CMU-SAFARI / RawAlign

RawAlign is a real-time raw nanopore read mapper based on the Seed-Filter-Align paradigm as described by Lindegger et al. (https://arxiv.org/abs/2310.05037)
https://arxiv.org/abs/2310.05037
GNU General Public License v3.0
5 stars 1 forks source link

Difficulty aligning raw signals with Kit14 chemistry #3

Open Cuypers-Wim opened 5 days ago

Cuypers-Wim commented 5 days ago

Dear RawAlign Team,

I am facing challenges in aligning raw signals generated using Kit14 chemistry. I ensured that the correct pore model was specified during the indexing process with the following command:

rawalign \
-d PlasmoDB-58_Pfalciparum3D7_Genome.ind \
-p /extern/local_kmer_models/r10_180mv_450bps_9mer/template_r10_9mer.model -t 32 PlasmoDB-58_Pfalciparum3D7_Genome.fasta

Then, I executed this command:

rawalign --dtw-evaluate-chains \
-t 32 -x sensitive PlasmoDB-58_Pfalciparum3D7_Genome.ind *.fast5 > mapping_plasmo.paf

However, I am encountering very low mapping rates: only 30% of reads from my Plasmodium dataset and just 1% from a virus dataset (both in-house datasets) align.

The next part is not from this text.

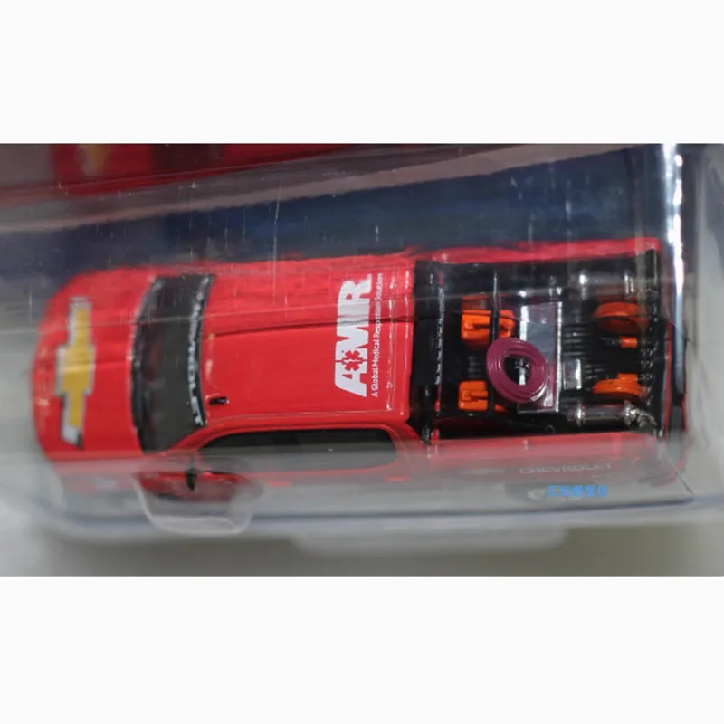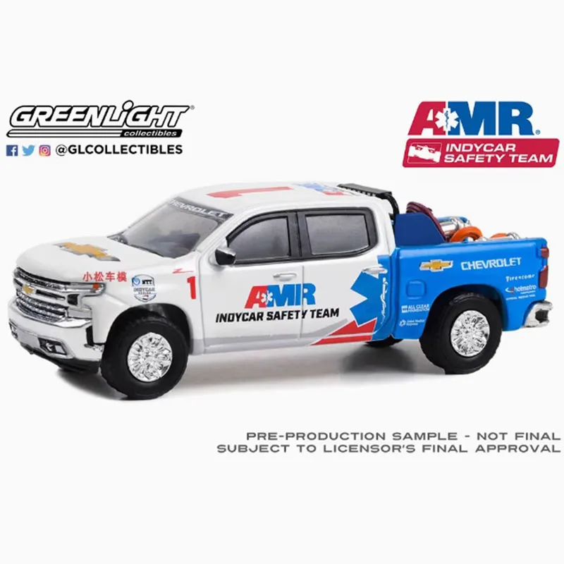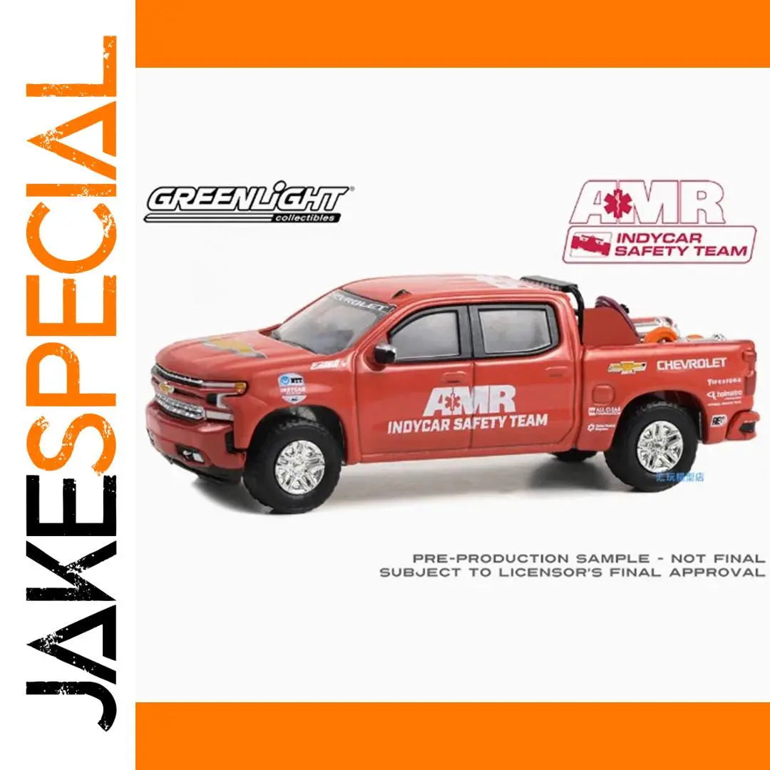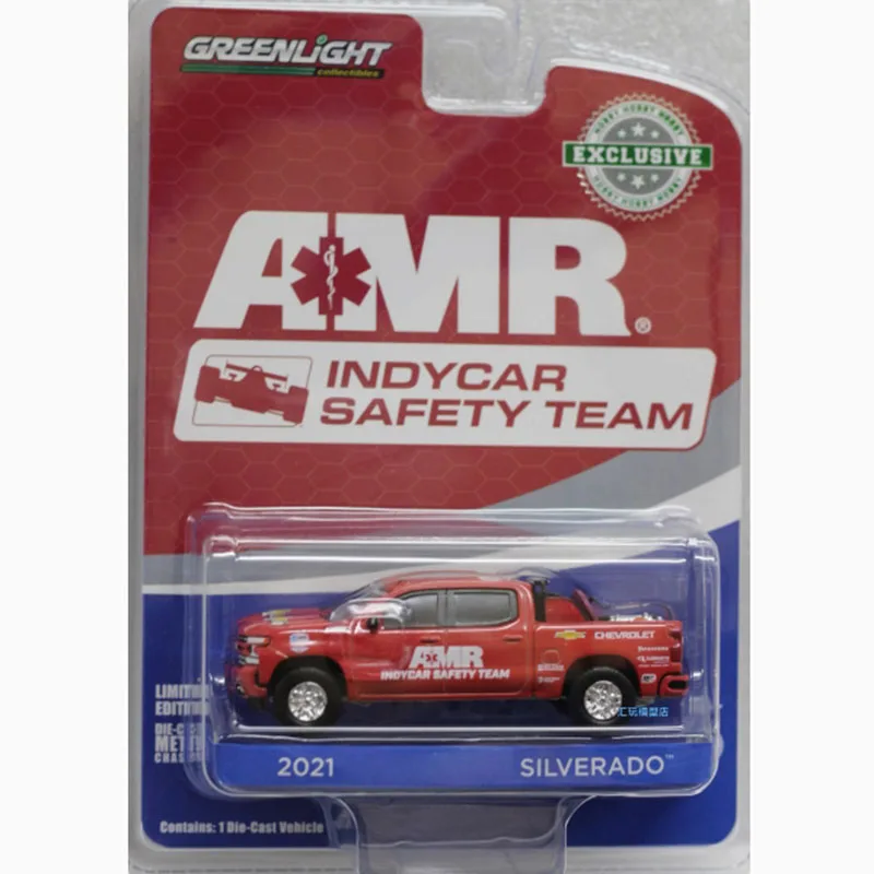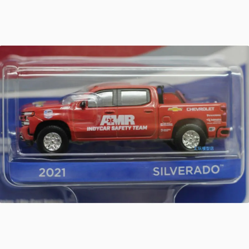 Experience the thrill of owning this highly detailed diecast Silverado truck, scaled at 1:64, perfect for display and collection. Crafted from alloy and plastic, it boasts a glossy, racing-inspired red finish with authentic decals and logos, including the prominent “AMR INDCAR SAFETY TEAM.” Realistic features such as black side mirrors, clear windows, and polished silver wheels with intricate rims make this model truly lifelike. The finely modeled front grille with horizontal slats and molded headlights further enhance its realistic appearance. Whether you're a collector or looking for a striking gift, this model captures the sleek modern design of a Chevrolet Silverado used by safety teams. Its vibrant colors and detailed surface textures promise an eye-catching display piece.

In contrast, when aligning subsets of R9 data from your pre-print included in the repository, at least 80% of reads map, which seems satisfactory (considering not all reads will match the reference genome).

I consider a read ‘unaligned’ if the line for that read in the PAF file contains only '*'.

Is it possible that I am doing something wrong with the commands as outlined above? In case you could examine my data (https://drive.google.com/drive/folders/1bRj_gOfOACqkQADOoJ6y5tAY-wJDAtqW?usp=sharing), I have included a subset of our in-house generated Plasmodium dataset (from our publication: https://journals.asm.org/doi/full/10.1128/mbio.01967-23). I included the RawAlign index file of the Plasmodium reference genome, the output paf files, and some reads in FAST5 format. The reads were originally POD5 files that I converted to FAST5 using ONT’s POD5 toolkit (https://github.com/nanoporetech/pod5-file-format):

pod5 convert to_fast5 "$pod5_files" --output pod5_to_fast5/

It would be extremely helpful if you could help me determine if the issue lies with the commands, or rather the datasets. Additionally, do you have access to any reference dataset known to work well with the latest nanopore chemistry that I could use for comparison?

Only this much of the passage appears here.